Norah hastened back to her post, and Griselda followed her.
Leslie Travers had been standing by the sick man's bed, and Griselda, ashamed of her feelings of repulsion and shrinking, took her place by his side.
Suddenly a flash of intelligence came into those large dark eyes, and the man started up and gazed at Griselda, repeating:
"Who is she? – who is she?"
"The dear beautiful lady who has brought us all we want. Thank her, father – thank her!"
"Thank her!" he repeated. "Who is she?"
Then an exceeding bitter cry echoed through the rafters of the chamber as if it would pierce the very roof. And with that cry the man fell back on his pillow, saying:
"Phyllis – Phyllis! come back – come back!"
Griselda started towards the door, and Leslie Travers caught her, or she would have fallen down the steep, narrow stairs.
"Take me away – take me away! I cannot bear it! Oh, it is too dreadful! That face – those eyes – that cry!"

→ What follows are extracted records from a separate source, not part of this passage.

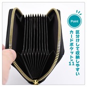 カードポケットx11、複数の名刺やお札などを収納可能。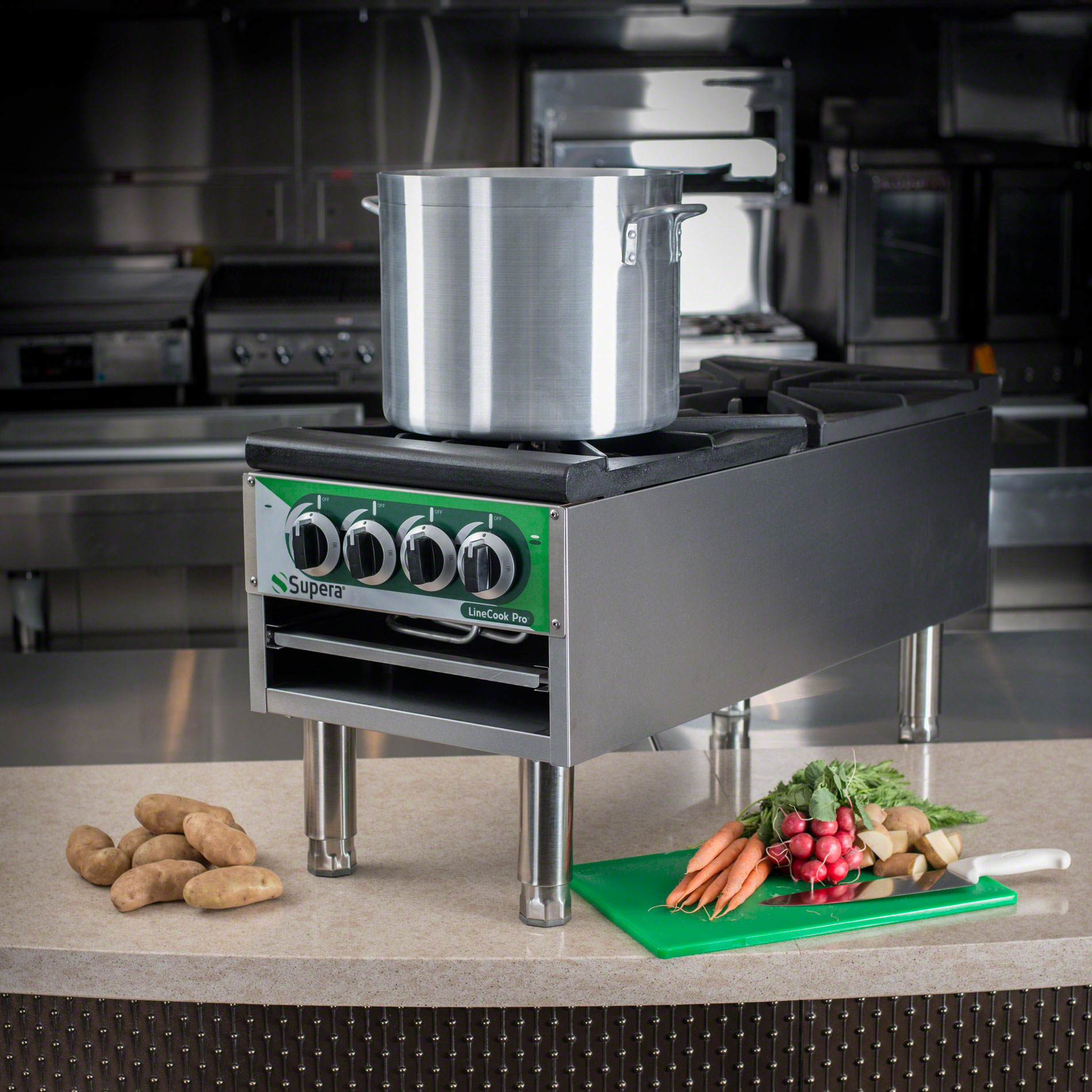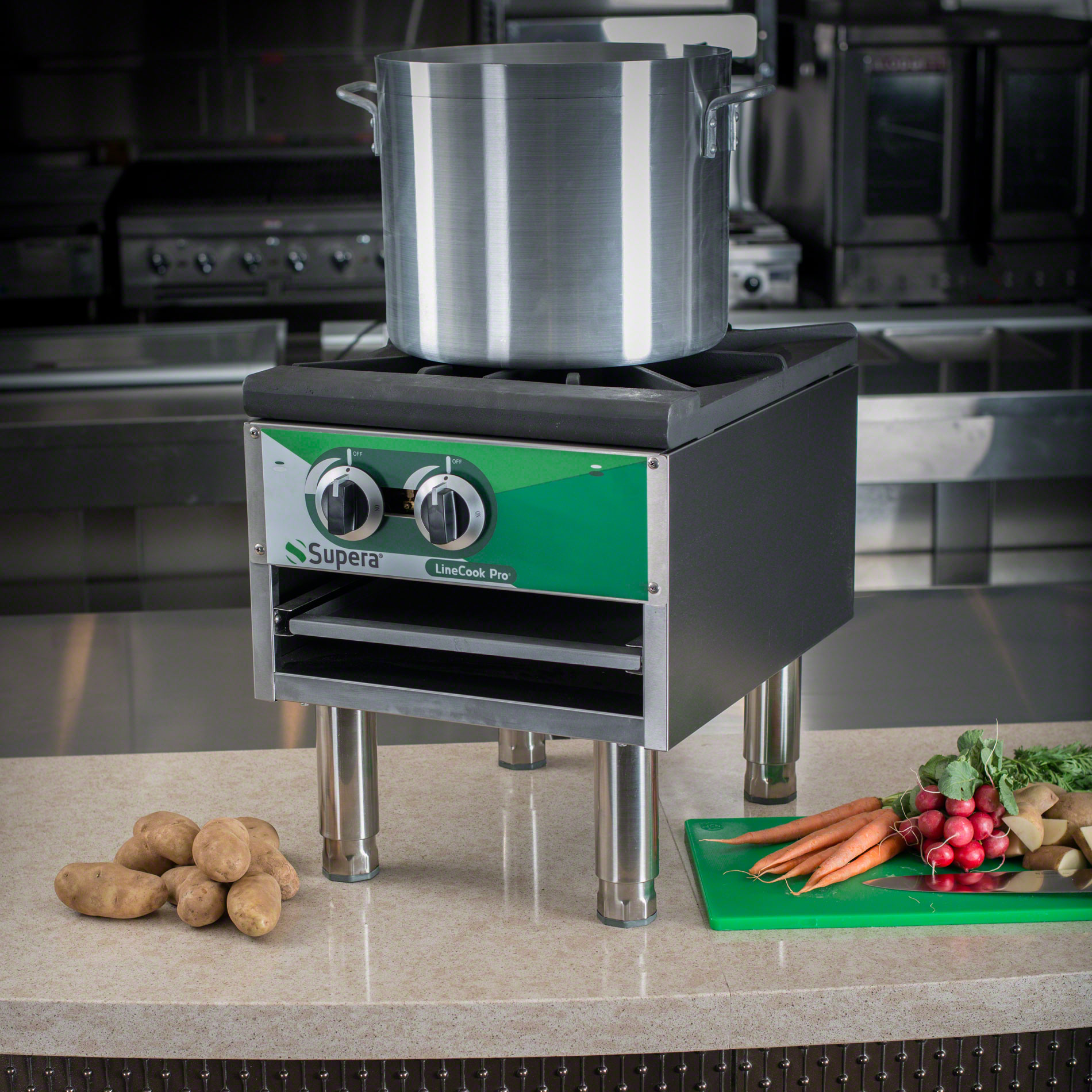 The 18″ Gas Single Burner Stock Pot Range (SPR1-1) by Supera is the perfect size for the little-kitchen-that-could. The single burner gives you the potential for a whole new variety of food options without taking over your kitchen like a full-size range. Integrate one of these units onto your countertop and then watch the magic happen.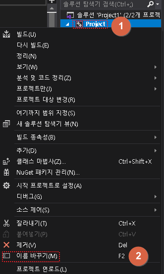 ▶ [프로젝트] 우클릭 - [이름 바꾸기(F2)]

"Yes," he said, carefully guiding her downstairs, and shielding her as much as possible from the inquisitive stare of the dwellers in the same house, taking her hand in his, and drawing it into his arm: "You are not accustomed to such sad sights, the poverty and the squalor."
"It was the man who frightened me. What made him call Phyllis – Phyllis! that beautiful sacred name, for it was my mother's?"
"He was raving; he fancied he was on the stage. He will not live many days, and then we will see that the child is cared for."
The "we" escaped his lips before he was aware of it; but the time for reticence was past. He turned into the Abbey, and Griselda made no resistance. Then with impassioned earnestness Leslie Travers told his love, and often as the tale is told, it is seldom rehearsed with more simple manly fervour. For in the reality of his love Leslie Travers forgot all the flowery and fulsome love epithets which were the fashion of the day. He did not kneel at her feet and vow he was her slave; he did not call her by a thousand names of endearment; but he made her feel perfect confidence in his sincerity. This confidence ever awakes a response in the heart of a true woman, and makes her ready to trust her future in his hands who asks to guard it henceforth.